Miles and House 2015 "The Tail Wagging the Dog; An Overdue Examination of Student Teaching Evaluations" [sic for the semicolon] reported on an analysis of student evaluations from a southwestern university College of Business, with 30,571 cases from 2011 through 2013 for 255 professors across 1,057 courses with class sizes from 10 to 190. The mean rating for the 774 male-instructed courses did not statistically differ from the mean rating for the 279 female-instructed courses (p=0.33), but Table 7 indicates that the 136 male-instructed large required courses had a higher mean rating than the 30 female-instructed large required courses (p=0.01). I don't see results reported for a gender difference in small courses.
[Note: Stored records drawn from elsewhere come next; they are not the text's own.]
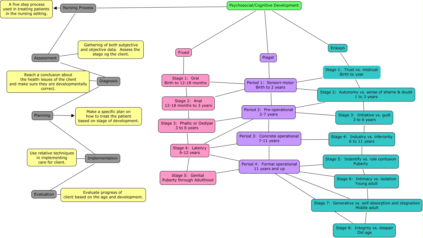 This Concept Map, created with IHMC CmapTools, has information related to: pendleton, development, Stage 2: Anal 12-18 months to 3 years ???? Period 1: Sensori-motor Birth to 2 years, Stage 1: Trust vs. mistrust Birth to year ???? Stage 3: Initiative vs. guilt 3 to 6 years, Stage 7: Generative vs. self-absorption and stagnation Middle adult ???? Period 4: Formal operational 11 years and up, Stage 1: Trust vs. mistrust Birth to year ???? Period 1: Sensori-motor Birth to 2 years, Stage 4: Latency 6-12 years ???? Period 2: Pre-operational 2-7 years, Stage 6: Intimacy vs. isolation Young adult ???? Stage 7: Generative vs. self-absorption and stagnation Middle adult, Stage 4: Latency 6-12 years ???? Stage 5: Genital Puberty through Adulthood, Evaluation ???? Evaluate progress of client based on the age and development., Stage 3: Phallic or Oedipal 3 to 6 years ???? Period 2: Pre-operational 2-7 years, Implementation ???? Evaluation, Period 2: Pre-operational 2-7 years ???? Period 3: Concrete operational 7-11 years, Implementation ???? Use relative techniques in implementing care for client., Diagnosis ???? Planning, Psychosocial/Cognitive Development ???? Erikson, Period 3: Concrete operational 7-11 years ???? Period 4: Formal operational 11 years and up, Diagnosis ???? Reach a conclusion about the health issues of the client and make sure they are developmentally correct., Stage 7: Generative vs. self-absorption and stagnation Middle adult ???? Stage 8: Integrity vs. despair Old age, Stage 6: Intimacy vs. isolation Young adult ???? Period 4: Formal operational 11 years and up, Psychosocial/Cognitive Development ???? Frued, Stage 2: Autonomy vs. sense of shame & doubt 1 to 3 years ???? Period 2: Pre-operational 2-7 years
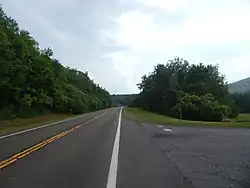 Between ASP Route 3 and exit 18 of the Southern Tier Expressway (I-86 and NY 17), NY 280 continues to straddle both the eastern extent of the Allegheny Reservoir and the western perimeter of Allegany State Park before terminating at a diamond interchange with the Southern Tier Expressway. The West Bank Perimeter Road (unsigned NY 950A[4]), which parallels NY 280 from the Pennsylvania line northward on the western bank of the reservoir, meets the expressway at exit 17 2.5 miles (4.0 km) to the west.[3]
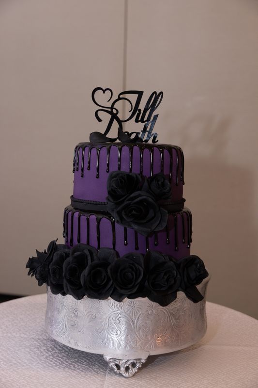 Their cake was another standout element of this black and purple wedding. The design featured black drippy icing, dramatic black roses, and a “’til death” cake topper, perfectly tying in their theme while adding a bold and modern edge to the reception décor.

For what it's worth, page 121 incorrectly notes that scores from male-instructed courses range from 4.96 to 4.26; the 4.96 should be 4.20 based on the lower bound of 4.196 in Table 4. Moreover, Hypothesis 6 is described as regarding a gender difference for "medium and large sections of required classes" (p. 119) but the results are for "large sections of required classes" (p. 122, 123) and the discussion of Hypothesis 6 included elective courses (p. 119), so it's not clear why medium classes and elective courses weren't included in the Table 7 analysis.
---
18.
Martin 2016 "Gender, Teaching Evaluations, and Professional Success in Political Science" reports on publicly available student evaluations for undergraduate political science courses from a southern R1 university from 2011 through 2014 and a western R1 university from 2007 through 2013. Results for the items, on a five-point scale, indicated little gender difference in small classes of 10 students, a mean male instructor rating 0.1 and 0.2 points higher than the mean female instructor rating for classes of 100, and a mean male instructor rating 0.5 points higher than the mean female instructor rating for classes of 200 or 400.
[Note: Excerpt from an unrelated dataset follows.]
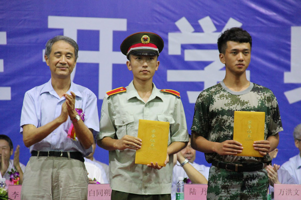 校领导沈为平为2013年军训期间表现优秀的先进集体与个人代表颁奖并合影

The statistical models had predictors only for instructor gender, class size, and an interaction term of instructor gender and class size. No analysis was reported that assessed whether ratings could be accounted for by plausible alternate explanations such as course or faculty performance.
---
Comments are open if you disagree, but I don't think that any of these three studies report a novel test for unfair sex or race bias in student evaluations of teaching using a research design with internal validity, with internal validity referring to an analysis that adequately addresses plausible alternate explanations. The interaction of instructor gender and class size that appeared in Miles and House 2015 and Martin 2016 appears to be worth further consideration in a research design that adequately addresses plausible alternate explanations.